Paul Collier & Dennis J. Snower
The social foundations of our economies are being tested. Fragmentation – by class, race, ethnicity, religion and nation – is having a powerful influence on economic performance and policy orientation.
Fragmentation arises from a wide variety of socio-economic processes. These include: the rising inequalities of wealth and income; growing disparities driven by education and skills; the gulf in the economic and social priorities of residents in global cities and elsewhere; and the rift in aspirations between young and old citizens.
These forms of social fragmentation have economic causes and consequences. Inequalities can erode trust and the social cohesion required for citizens to contribute willingly to the common well-being. They may generate political divisions between the rich and poor, between liberal elites and a disgruntled underclass, and between cosmopolitans and nationalists.
These divisions erode the efficiency of economic markets. After all, people in conflict are not inclined to exploit all the potential gains from trade. The divisions also affect the political process and may lead to economic policies, such as protectionism, that hurt overall economic prosperity.
The new Social Cooperation Hub of Rebuilding Macroeconomics aims to study the social substrates of economic cooperation, with a view to understanding the social relations underlying well-functioning economic activities and deriving appropriate policy recommendations.
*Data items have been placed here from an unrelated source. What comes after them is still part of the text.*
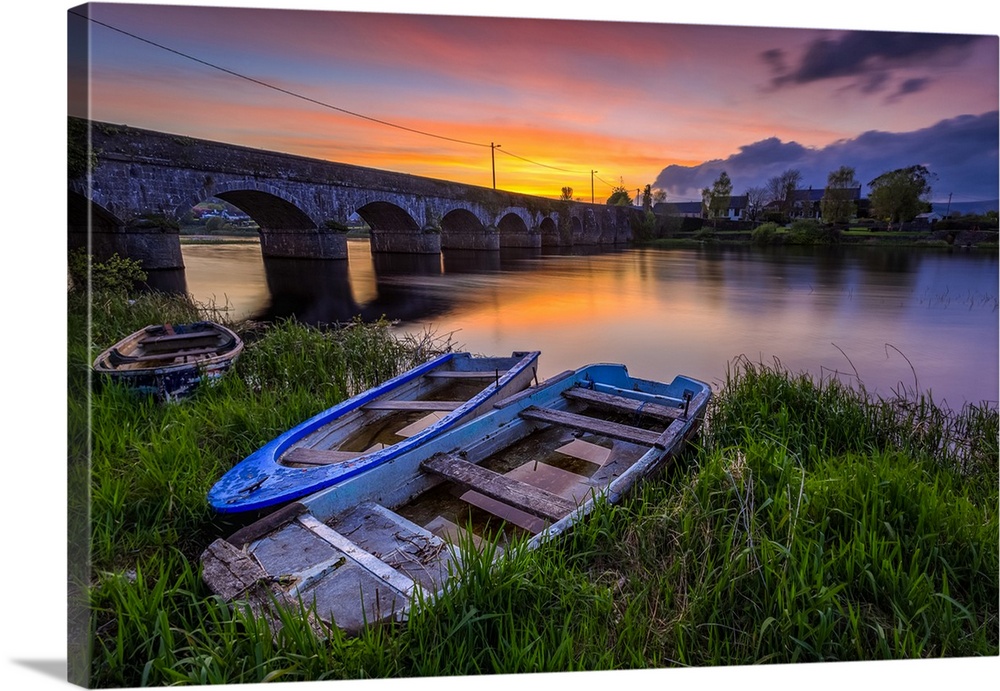 <p>Two small wooden boats on the bank of the Shannon river in front of a stone bridge at sunset in summer; O'Brien's Bridge, County Clare, Ireland.</p>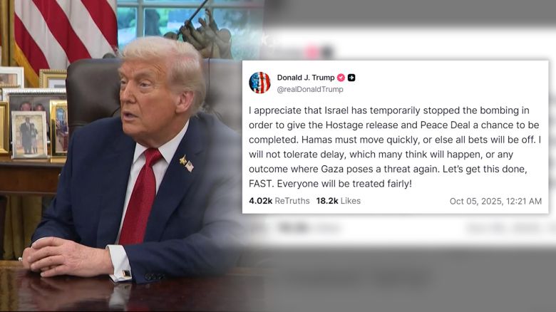 도널드 트럼프 미국 대통령이 팔레스타인 무장정파 하마스를 향해 "시간끌기나 가자지구가 다시 위협에 놓이는 어떠한 결과도 용납하지 않을 것"이라고 밝혔습니다.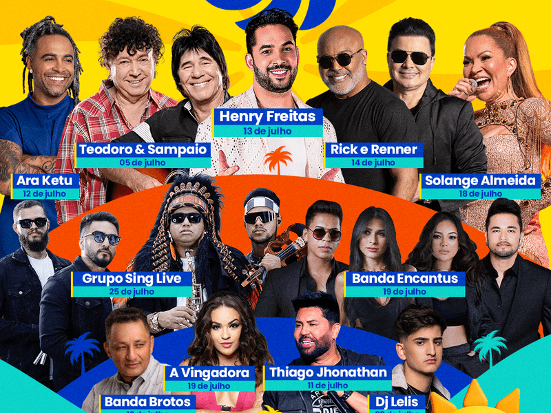 Na programação musical, o município aposta em nomes consagrados da música brasileira, como Rick & Renner, Solange Almeida, o grupo Araketu e o cantor Henry Freitas, apontado como uma das atrações mais aguardadas deste verão, com seu repertório que mistura forró, pop e outros ritmos.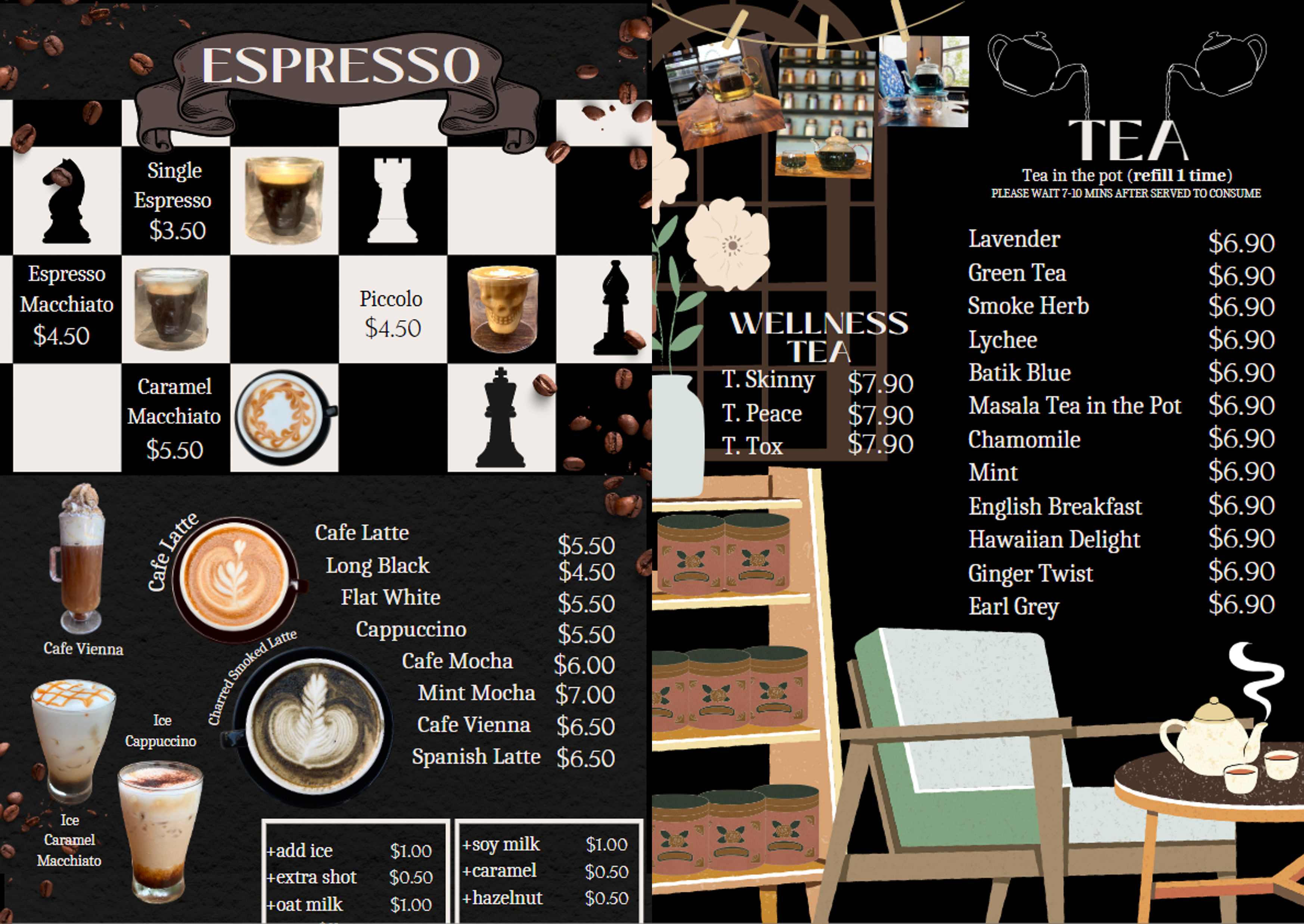 At Addicted to Black cafe, we roast our own coffee beans and curated special blended tea leaves to ensure that our customers will get the highest quality beverage. Try our Smoke herb tea with a slight tinge of burnt after taste. Specialising as a Singapore Lifestyle Specialty Coffee Café — inspired by the founder’s love for reclaimed wood & coffee - music is an imperative element in our Singapore Addicted to Black café.

The first premise of the Social Cooperation Hub is that economic cooperation requires social cooperation. People in conflict generally do not exploit all potential gains from trade. Transactions in economic markets usually require trust among the market participants, since purchases and sales are not perfectly synchronized. Contracts are mostly incomplete and require goodwill from both parties for their fulfillment.
“People in conflict generally do not exploit all potential gains from trade”
The second premise is that social cooperation has traditionally been shaped by social groups of limited size. These groups structure our identities and thereby shape our willingness and ability to cooperate. The bounds of social cooperation can be influenced by the strategic deployment by thought leaders of narratives, signaling actions and institutions, which can either align or contrast the interests and motives of large bodies of people, including national, religious, ethnic and other groups.
The third premise is that the scale of current macroeconomic problems requires social cooperation that exceeds the bounds of our current social groups. In particular, the integration of the global economy has generated global problems – financial crises, macroeconomic stagnation, and climate change – that extend beyond our social allegiances. Specifically, the global economy is not underpinned by a global society and this asymmetry helps account for problems associated with globalization.
At the national level, the scope of some markets often exceeds our ability to form equally far-reaching social affiliations. While we need larger groups, with the decline in spatial social interaction relative to issues-based homology, we are experiencing the opposite. Social fragmentation is increasing, both within and across national boundaries, generating declining levels of trust, and consequently greater obstacles to cooperation at the macroeconomic level.
The final premise is that effective macroeconomic policies need to foster, or be accompanied by, measures that extend the bounds of social cooperation in consonance with the desired bounds of economic cooperation. In other words, traditional macroeconomic policies need to be supplemented by social policies. The design of macroeconomic policies should be accompanied by institutions, norms and policies that build social identities corresponding to our economic objectives.
Trust and the ‘Productivity Puzzle‘
We intend to hold concurrent brainstorming workshops in London and Oxford to explore ideas which will form the basis of our calls for research. The ideas discussed in the workshops are to generate interdisciplinary research covering the overlap between economics (on the one hand) and social psychology, social neuroscience, sociology and anthropology (on the other).
Our first pair of workshops will examine how the decline in social trust might reduce productivity. We have identified two examples of how this may happen as the basis for our discussion:
Excessive focus on intra-temporal labour allocation to minimize unemployment may undermined the trust relationships between employer and employee necessary for investment in skill and hence inter-temporal resource allocation
Relationships between firms and workers have shortened; unions have been weakened and apprenticeships dismantled; and a new migration policy encouraged an influx of pre-skilled immigrant workers. Cumulatively, these changes may have reduced the efficiency of inter-temporal resource allocation in the labour market, as firms and workers rein back their investments in skill. This has been compounded by the excessive prestige in Britain for degree courses relative to non-cognitive training.
Reciprocal Obligations versus Monitoring and Incentives.
Complex organisations face a ‘compliance problem’: how to motivate employees and other parties to transactions to perform actions that they would prefer not to do. Economists suggest intensifying performance monitoring and linking it to high-powered incentives. Yet this can backfire as employees divert effort to what is monitored, and other systems of motivation are inadvertently undermined.
Meanwhile, large organizations (commercial and public) under mounting pressure from litigation have switched from trust to hiring lawyers to write more complete contracts. This is infeasible in many instances but imposes a burden equivalent of technical ‘regress’ and may demean and demotivate staff who are subject to it.